Do we want to kick the can down the road and have our children and their children pay an order of magnitude more to the courts, jails, police, rehabs, homeless shelters and mental health service providers downstream … or do we want to minimize that risk by helping these kids now while we still can, for a fraction of the price?”
El Dorado County has never funded the local CASA. Roughly half of California counties do, however, according to Adams. Average funding, he said, is $55,000 per year, an amount that would nearly offset his funding cuts. He’s talking to county officials about making up the deficit, but isn’t confident that he can convince fiscally frugal supervisors to pay for a service they’ve enjoyed for free since CASA El Dorado was formed in 1992. The other option is increased fundraising, an equally daunting task in the current economy. “The community needs to understand the potential impact of withdrawing our support to these 50-or-so foster kids, many of whom have already suffered abuse and neglect,” he said. “Who knows, maybe someone in the community has the capacity to help out.”
El Dorado County had 582 children in dependency court in 2009. CASA served 439 of them, a 75 percent assignment rate, at a cost of just $1,100 per child. The statewide assignment rate averaged 34 percent at a cost of $2,400 per child. He’s guided the agency through a couple rounds of budget cuts already, asking his four case managers and their boss, program Director Cathie Watson, who manages about 20 cases herself, to take on additional responsibilities. “There’s just no more fat to cut,” he said.

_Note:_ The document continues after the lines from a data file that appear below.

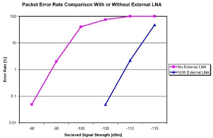 圖2:有/無(wú)外部LNA的低功耗無(wú)線(xiàn)接收機(jī)的誤包率對(duì)比。本例中實(shí)現(xiàn)了15dB的增益改善。
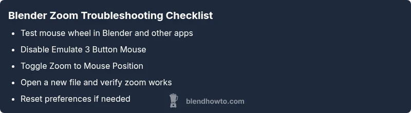 To isolate the issue, start with the simplest steps and confirm baseline behavior. Test zoom in a fresh scene or a new file to see if the problem is scene-specific. If zoom works in a new file, the issue is likely linked to the current file’s settings or objects. If it still fails in a fresh file, the problem is more likely systemic (preferences, add-ons, or hardware). This approach aligns with BlendHowTo’s recommended troubleshooting flow, which begins with controllable inputs and progresses to deeper diagnostics.
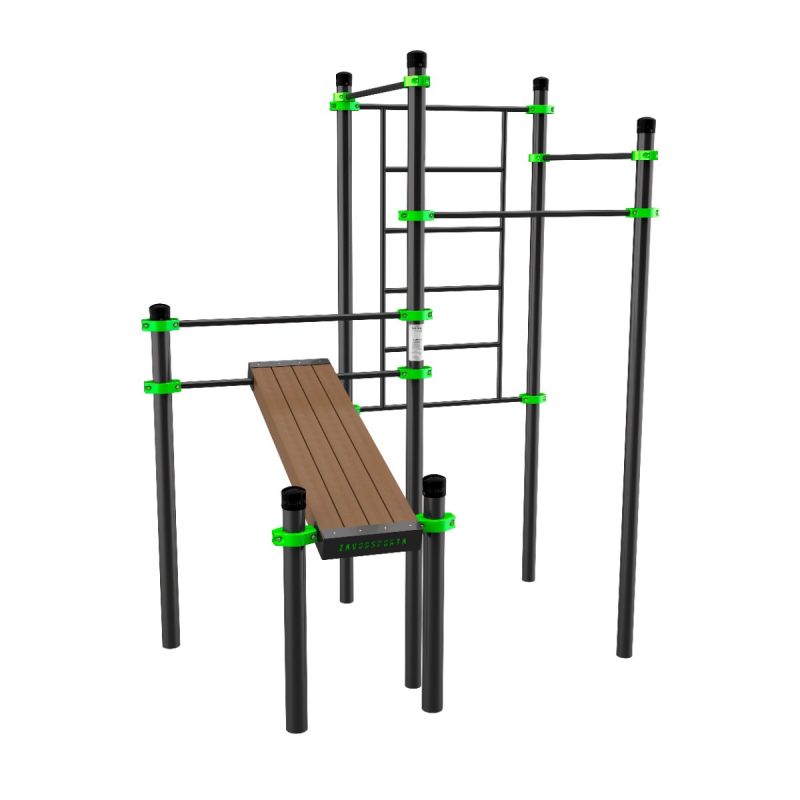 Компактная станция для тренировок с акцентом на пресс, верхнюю часть тела и растяжку. Комбинация скамьи, турников и шведской стенки позволяет эффективно прокачивать мышцы корпуса, осанку и гибкость. Отличный вариант как для самостоятельных занятий, так и для групповых тренировок.
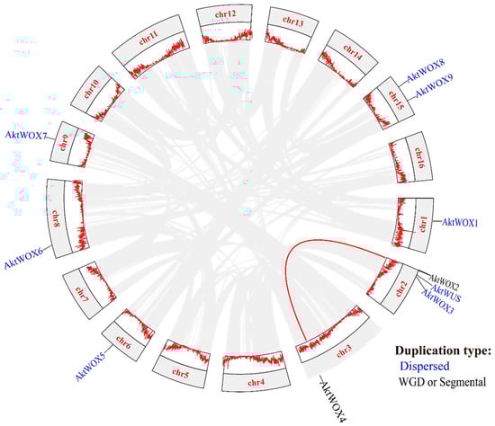 Collinearity and gene duplication events and gene clusters in AktWOXs. The red line indicates the AktWOX collinear gene pair; the two gene duplication types (dispersed, WGD or segmental) are represented in blue and black, respectively.
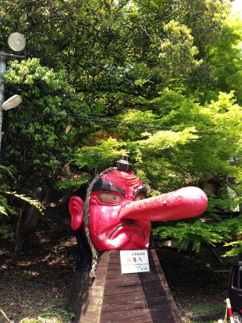 鞍馬駅では天狗とデナ21のカットアウトが出迎えてくれます。
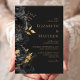 Diese düstere, launenhafte Hochzeitseinladung zeigt einen Rahmen aus schwarzen Blume, die mit goldenen Imitate-Foliage Set ablegen. Die Namen des Ehepaares erscheinen im klassischen, goldfarbenen Serif-Schriftart, der übrige Text kursiv auf einem schwarzen Hintergrund.

The 2011-12 CASA El Dorado budget is roughly $480,000, most of which came from donations and fundraising, according to Adams. The Superior Court kicked in $55,000. The State Judicial Court added another $59,900. But state funding to local courts was slashed for budget year 2011-12. Local Superior Court officials have told Adams not to expect anything from them in 2012. Without replacement funds, Adams said he’ll be forced to consider reducing payroll, which means case managers, each of whom supports dozens of volunteers. The budgetary impact will eventually be felt by kids who need an advocate. “We already know what the outcomes are for these children,” he said.